Masses of ephemeral organisms called “sea-men” wash up on the West Coast every year in the form of a “blue tide,” but warmer seas are increasing their numbers.
From Oregon to California, blankets of blue, alien-looking creatures are washing up on rocky beaches. They are Velella velella, colonies of organisms with a hat-like body and dangling tentacles.

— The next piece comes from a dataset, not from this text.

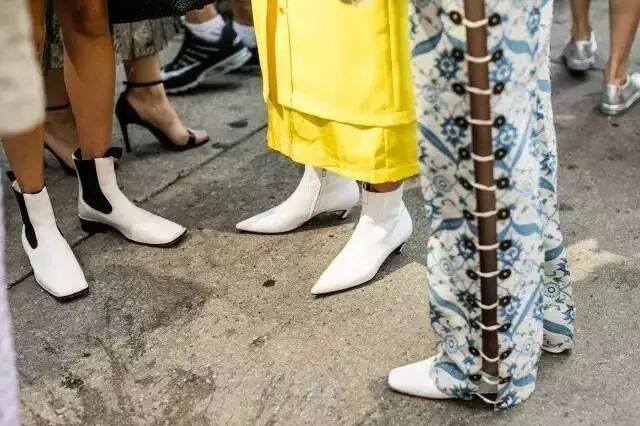 今年火爆流行的猫跟,在小白靴中的运用依然很多,在高度与粗细上更加的多元化了,高低粗细变化多样。

Captivating thousands along the US West Coast this week, much delight was in the air among beachgoers who gleefully posted pictures on social media. The blue tide is what they call it, although they do not always refer to the same abundance level.
Alien-looking creatures
Velellas, also called “sea-men,” are colonies of creatures of a certain freshwater class called hydrozoa. Though they look like one organism, they are not. They spend most of their lives in the open ocean, in the water column below them with tentacles that catch fish larvae or zooplankton, but they are integrated. One part of the colony is responsible for reproduction and another for breeding. Coral is another colonial organism, but it is rare to find such colonies on land, says Anya Stajner, a doctoral student at the Scripps Institution of Oceanography.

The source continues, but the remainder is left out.